This is a single-centre study. Primary culture cells from patients take a long period of time. This is the main reason for the low number of included patients. This default did not allow us to study the effect of multiple factors on gene expression levels. Subcutaneous fat was not obtained from all included patients. A long-term follow-up was not performed in the study population. Epicardial fat thickness was not quantified in patients undergoing open-heart surgery or hospitalized patients for HF. The duration of MRA treatment before surgery for most patients was not determined and varied from days to years.

5. Conclusions

A differential cell-type RNA transcript and adipogenesis function define the epicardial and subcutaneous fat from patients with cardiovascular disease. While higher adiposity is represented in subcutaneous fat, higher epithelial, fibroblast, and neutrophil, markers are found in epicardial fat. MRA intake might modulate the epicardial adiposity and increase the anti-inflammatory profile outstanding to the low FABP4 and ITLN-1 expression levels, respectively.

Supplementary Materials

The following supporting information can be downloaded at: https://www.mdpi.com/article/10.3390/cells11081264/s1, Table S1: Sequence 5′ > 3′ of primers forward and reverse.

Author Contributions

Conceptualization, X.F., S.E.; Methodology, X.F., C.A., Á.L.F., D.D.-M., J.M.M.-C., D.I.-A., T.G.-C.; Validation, X.F., T.G.-C., S.E.; Formal Analysis, X.F., S.E.; Investigation, X.F., S.E.; Resources, J.R.G.-J., M.R.-M., S.E.; Data Curation, X.F.; Writing—Original Draft Preparation, all authors; Writing—Review and Editing, all authors.; Visualization, J.R.G.-J., M.R.-M., S.E.; Supervision, S.E.; Project Administration, S.E.; Funding Acquisition, J.R.G.-J., M.R.-M., S.E. All authors have read and agreed to the published version of the manuscript.

Funding

This research was funded by Health Reserch Fund from National Plan for I+D+I 2019–2022, grant number PI19/01330 and cofunded by ISCIII-Subdirectorate General for Evaluation and Research Promotion European Regional Develepment Fund (FEDER) and Grants for the Consolidation and Structuring of Competitive Research units of the Department of Culture, Education and University Planning of the Xunta de Galicia, Spain (ED431B 2016/022). Xiaoran Fu contract is supported by predoctoral Fellowship from the ISCIII.

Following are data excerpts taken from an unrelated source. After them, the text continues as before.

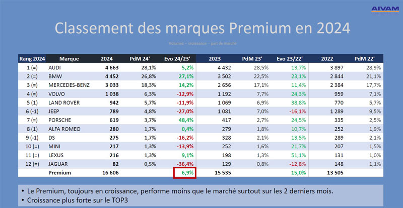 Concernant le marché Premium, ses ventes représentent cette année 10.6% (-0.1%) des ventes totales VP. Soulignons ici que contrairement à 2023, il a réalisé lors de l’année écoulée une croissance inférieure (+6.9%) à celle du marché généraliste, mais continue tout de même de renforcer sa position sur les véhicules électrifiés. La part de l’hybride, de l’hybride rechargeable et de l’électrique s’est ainsi établie à 9.7% sur le segment Premium, contre 7.3% pour le marché généraliste.
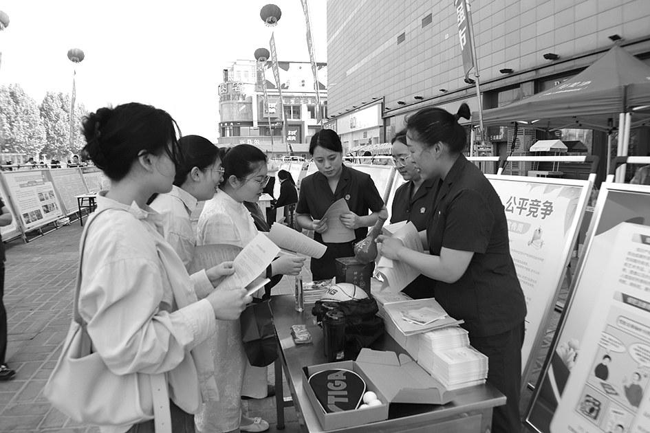 4月26日,鹤壁市中级法院组织干警参加全市知识产权宣传周活动,加强知识产权保护宣传教育。图为该院干警耐心解答群众问题,积极回应群众法治需求。
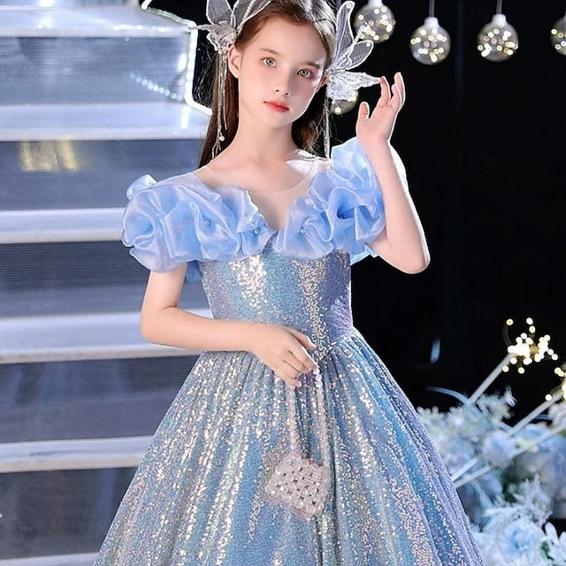 Gender: Girls', Age Group: Kids, Style: Sweet, Princess, Occasion: Performance, Wedding, Kids Apparel: Party Dress, Fabric: Mesh, Pattern: Solid Color, Sleeve Length: Sleeveless, Design: Mesh, Age: 2-12 Years, Season: Summer, Fall, Spring, Look After Me: Hand wash, Elasticity: Inelastic, Fit Type: Tailored Fit, Dresses Type: Sheath Dress, Tulle Dress, Flower Girl's Dress, Dress Length (cm): Mid-Calf, Neckline: Crew Neck,
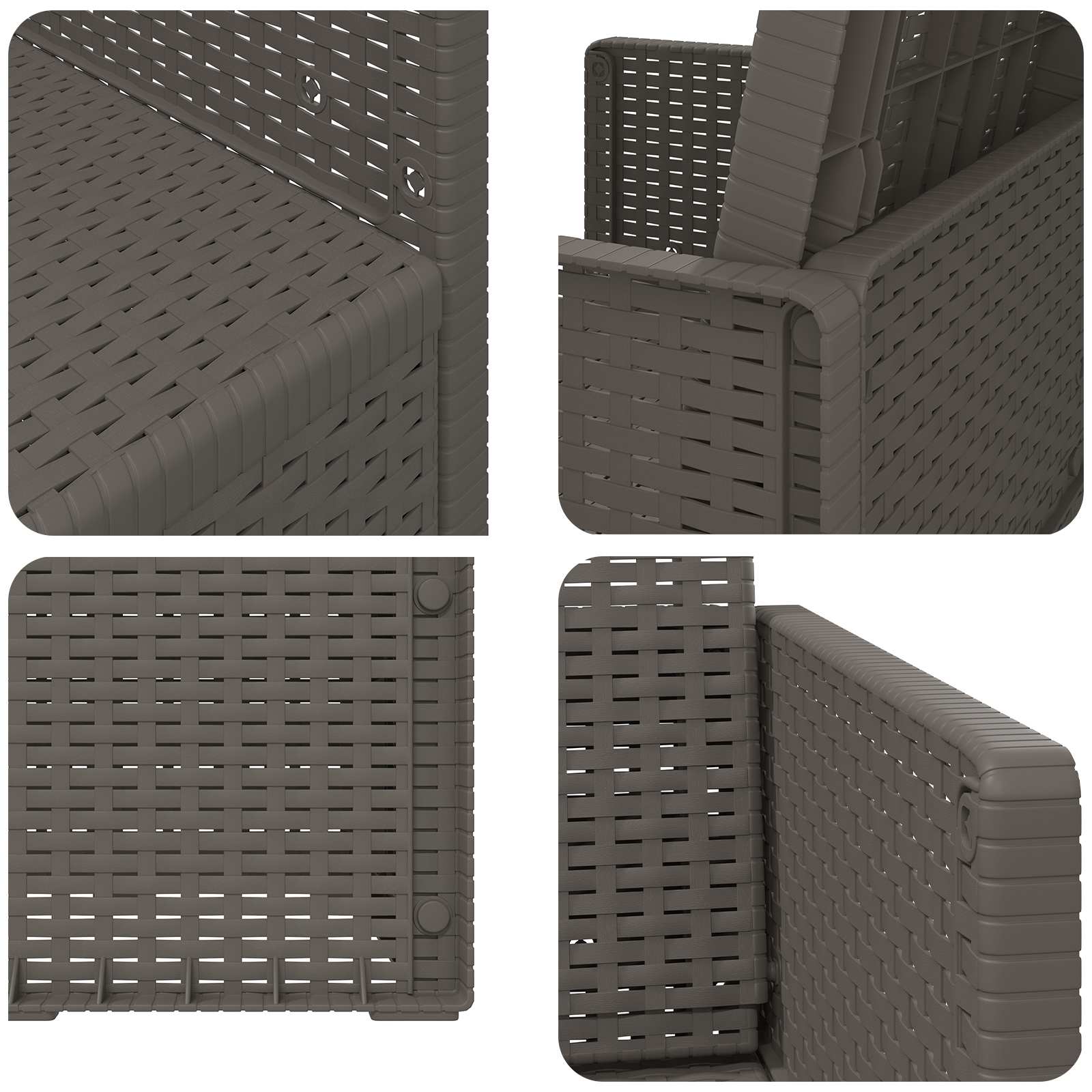 • Kestävä materiaali: Valmistettu kestävästä materiaalista tukevalla rakenteella, nämä tuolit ovat sään- ja UV-kestäviä, mikä auttaa kestämään pitkään auringonpaistetta, vähentäen haalistumisen tai materiaalin heikkenemisen riskiä ajan myötä, samalla kun ne säilyvät siistin ja tasaisen näköisinä.

Institutional Review Board Statement

The study was conducted according to the guidelines of the Declaration of Helsinki, and approved by the Galician Clinical Research Ethics Committee (protocol code 2019_439, 22/10/2019).

Informed Consent Statement

Informed consent was obtained from all subjects involved in the study.

Data Availability Statement

The used and analysed datasets are available from the corresponding author on reasonable request.

Acknowledgments

We would like to thank the patients for their participation in the study, and the institutions that supported the study, IDIS, SERGAS, ISCIII- Subdirectorate General for Evaluation and Research Promotion European Regional Develepment Fund (FEDER) and the Department of Culture, Education and University Planning of the Xunta de Galicia, Spain (ED431B 2016/022). We thank Marıía Otero Alén for technical support in immunohistochemistry.

Conflicts of Interest

The authors declare no conflict of interest.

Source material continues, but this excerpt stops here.